→ ABOUT THIS EXERCISE:
Please return each entry that follows exactly as given, but without pictures.

→ SOURCE DATA:
-*-*-

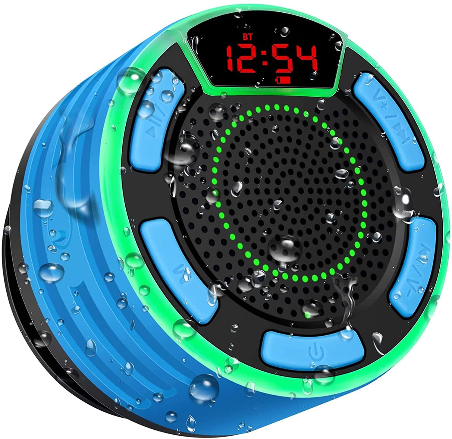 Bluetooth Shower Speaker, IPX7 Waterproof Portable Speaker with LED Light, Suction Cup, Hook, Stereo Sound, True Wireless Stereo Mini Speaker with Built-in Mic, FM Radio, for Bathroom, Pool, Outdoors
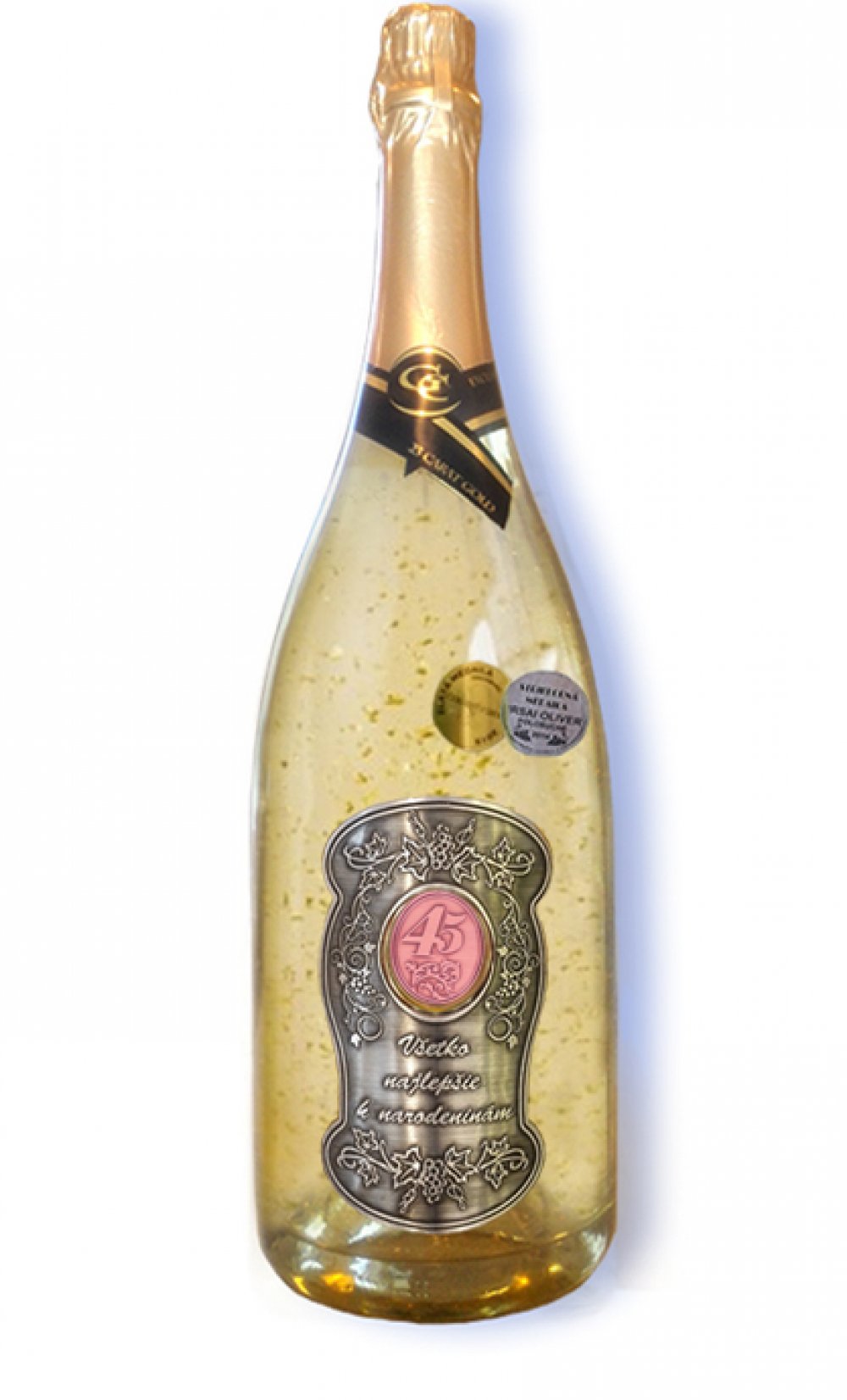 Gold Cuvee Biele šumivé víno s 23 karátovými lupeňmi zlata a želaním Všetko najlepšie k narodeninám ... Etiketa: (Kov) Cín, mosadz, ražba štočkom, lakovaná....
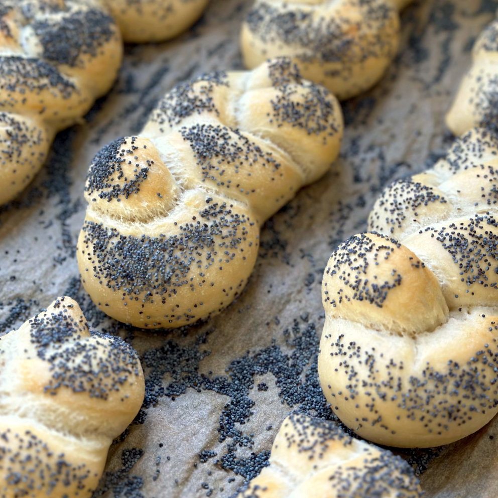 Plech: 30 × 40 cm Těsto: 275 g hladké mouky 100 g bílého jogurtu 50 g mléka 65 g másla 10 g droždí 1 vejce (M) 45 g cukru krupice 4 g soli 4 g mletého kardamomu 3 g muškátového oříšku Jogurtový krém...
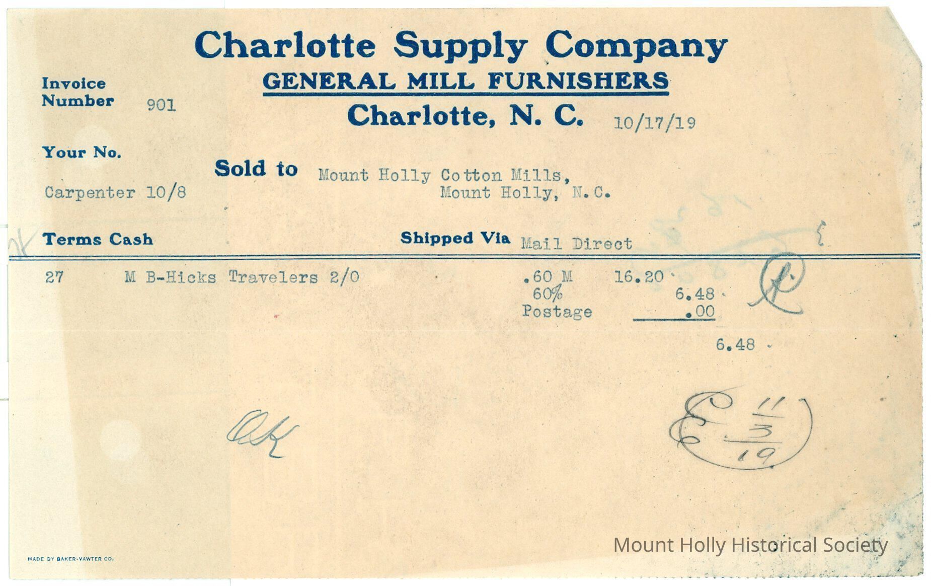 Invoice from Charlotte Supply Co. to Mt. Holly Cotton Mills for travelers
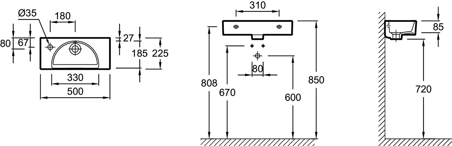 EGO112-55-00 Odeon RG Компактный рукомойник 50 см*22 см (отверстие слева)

-*-*-

→ RESPONSE TO THE TASK:
 Bluetooth Shower Speaker, IPX7 Waterproof Portable Speaker with LED Light, Suction Cup, Hook, Stereo Sound, True Wireless Stereo Mini Speaker with Built-in Mic, FM Radio, for Bathroom, Pool, Outdoors
 Gold Cuvee Biele šumivé víno s 23 karátovými lupeňmi zlata a želaním Všetko najlepšie k narodeninám ... Etiketa: (Kov) Cín, mosadz, ražba štočkom, lakovaná....
 Plech: 30 × 40 cm Těsto: 275 g hladké mouky 100 g bílého jogurtu 50 g mléka 65 g másla 10 g droždí 1 vejce (M) 45 g cukru krupice 4 g soli 4 g mletého kardamomu 3 g muškátového oříšku Jogurtový krém...
 Invoice from Charlotte Supply Co. to Mt. Holly Cotton Mills for travelers
 EGO112-55-00 Odeon RG Компактный рукомойник 50 см*22 см (отверстие слева)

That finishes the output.